THE MERE FACT THAT THE JUDGMENT IS LARGE DOES NOT MEAN

THAT THE VERDICT WAS A RESULT OF PASSION, PREJUDICE OR BIAS.

EACH CASE MUST BE DETERMINED ON ITS OWN FACTS

            “The mere fact that the judgment is large does not validate an appellant’s claim that the verdict is the result of passion or prejudice of the jury. Each case must be determined on its own facts.” DiRosario, et al. v. Havens, M.D., (1988) 196 Cal.App.3d 1224, 242 Cal.Rptr. 243.
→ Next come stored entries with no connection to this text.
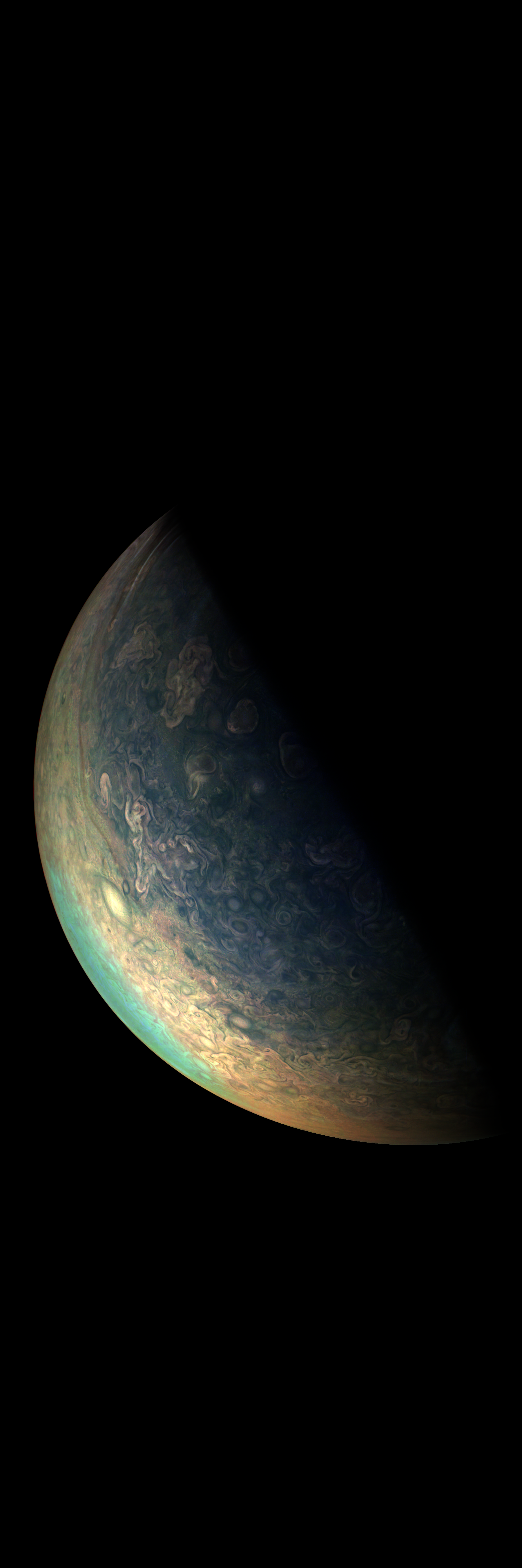 JunoCam took this image during its Perijove-12 pass on 2018-04-01. It is derived directly from the raw image.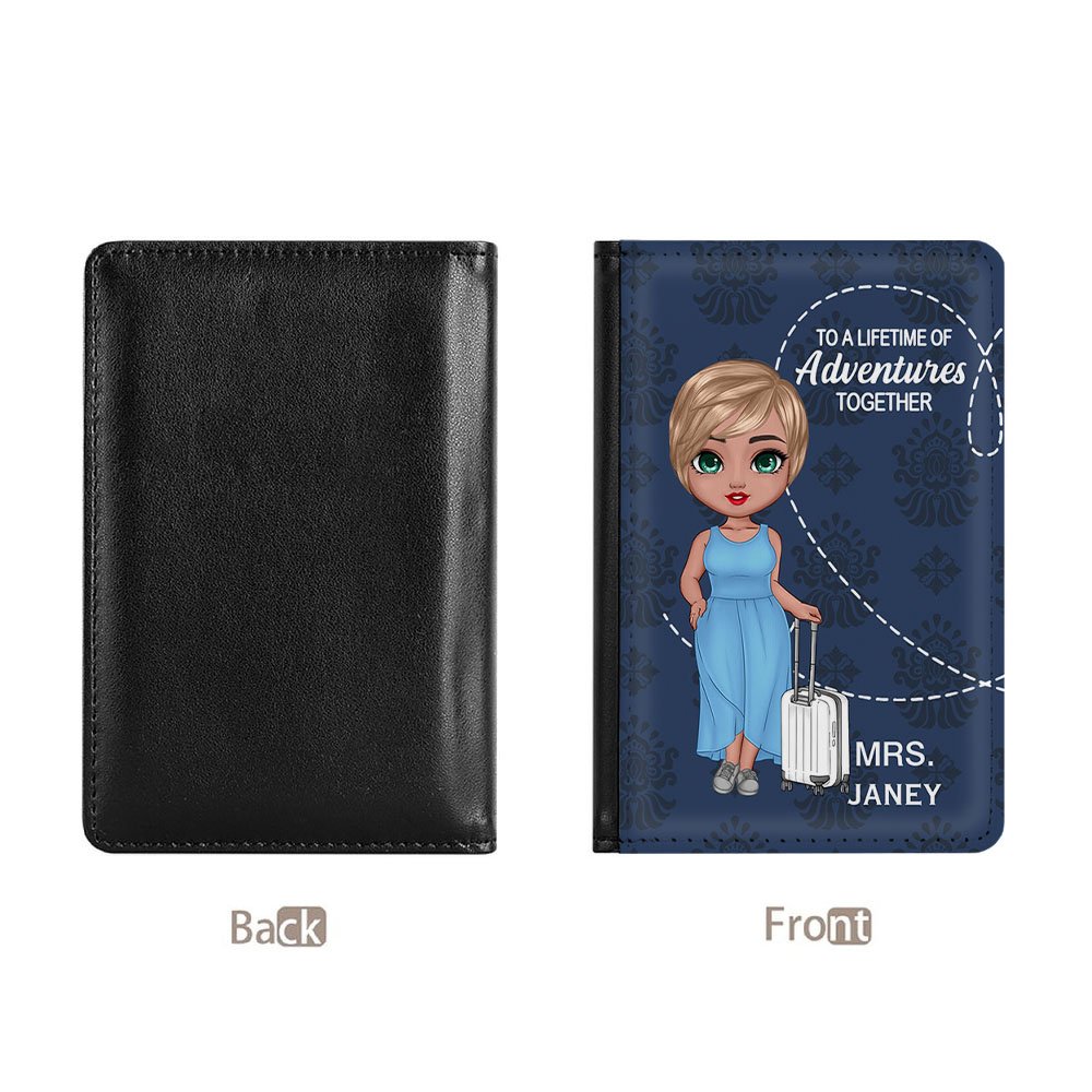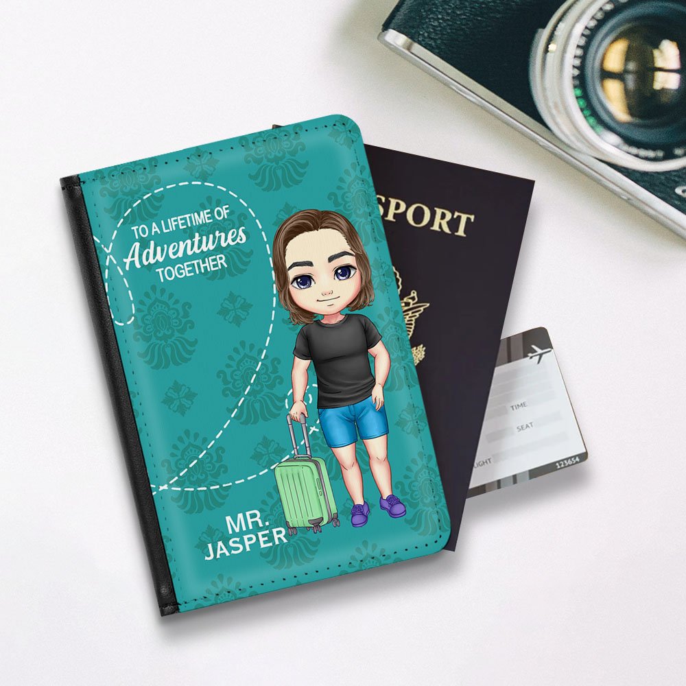 La nostra copertina per passaporto personalizzata è un regalo delizioso per le coppie che amano esplorare il mondo insieme. La copertina presenta un affascinante disegno a tema avventura che include la frase "Per una vita di avventure insieme". Questo tocco personalizzato aggiunge un tocco romantico e avventuroso alle loro esperienze di viaggio.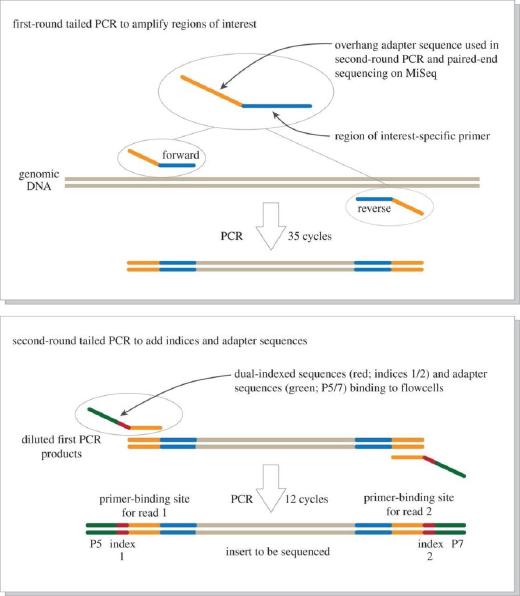 DNAバーコーディングや分子生物学を専攻した方であれば周知の技術になっていますが、デュアルインデックスのライブラリー調整というのは2段階のPCRによって標的のDNA領域を増幅、NGSで解析する前に標的のDNAにサンプルタグ配列を付加後、分析するサンプルを混ぜ合わせる工程を指します(下図)。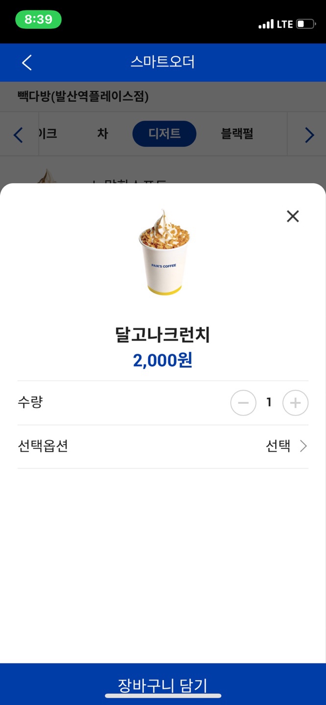 백종원 카페로 유명한 빽다방에서 아이스크림 포장해왔어유,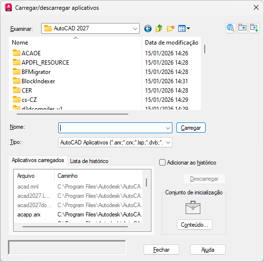 Se você selecionar um arquivo que já tenha sido carregado, Carregar recarregará o aplicativo quando aplicável. Você não poderá recarregar os aplicativos ObjectARX. Nesse caso, será necessário primeiro descarregar o aplicativo ObjectARX e, em seguida, carregá-lo novamente. A opção Carregar estará também disponível em um menu de atalho exibido ao clicar com o botão direito do mouse em um arquivo na guia Lista de histórico.

            The amount of damages is a question of fact, committed first to the discretion of the trier of fact and next to the discretion of the trial court on a motion for new trial. Seffert v. Los Angeles Transit Lines (1961) 56 Cal.2d 498, 506, 15 Cal.Rptr. 161. An appellate court may interfere on the ground of excessive damages only where the facts are such that the excess appears as a matter of law, or such as to suggest passion, prejudice or corruption on the part of the trier of fact. DiRosario, et al v. Havens, M.D., (1988) 196 Cal.App.3d 1224, 1241. “If the jury's verdict is supported by substantial evidence, it must be upheld.” Wright v. City of Los Angeles (1990) 219 Cal.App.3d 318, 354, 268 Cal.Rptr. 309. In reviewing a claim of excessive damages the appellate court must determine every conflict in the evidence in favor of the respondent and give him/her the benefit of every reasonable inference. Niles v. City of San Rafael (1974) 42 Cal.App.3d 230, 241, 116 Cal.Rptr. 733.

/ / /

/ / /

/ / /

/ / /

 

A.

The Court Should Not Consider Defendants’ Irrelevant

And Flawed “Survey” of Other Verdicts

 

            Defendants’ idea of compiling a list of verdicts in other cases in order to compare and argue that the verdict in this case is excessive is not novel. Footnote Relying upon such “surveys” or lists was specifically rejected by the California Supreme Court in Bertero v. National Gen. Corp., 13 Cal.3d 43, 64 n.12, 118 Cal.Rptr. 184 (1974). The California Supreme Court stated:

Defendants have compiled a lengthy list of judgments awarding damages which have been reversed on appeal as excessive. Those cases do not, in and of themselves, mandate a reversal here. The vast variety of and disparity between awards in other cases demonstrate that injuries can seldom be measured on the same scale. The measure of damages suffered is a factual question and as such is a subject particularly within the province of the trier of fact. For a reviewing court to upset a jury’s factual determination on the basis of what other juries awarded to other plaintiffs for other injuries in other cases based upon different evidence would constitute a serious invasion into the realm of fact-finding (citations omitted). Thus, we adhere to the previously announced and historically honored standard of reversing as excessive only those judgments which the entire record, when viewed most favorably to the judgment, indicates were rendered as the result of passion and prejudice on the part of the jurors.” (emphasis added).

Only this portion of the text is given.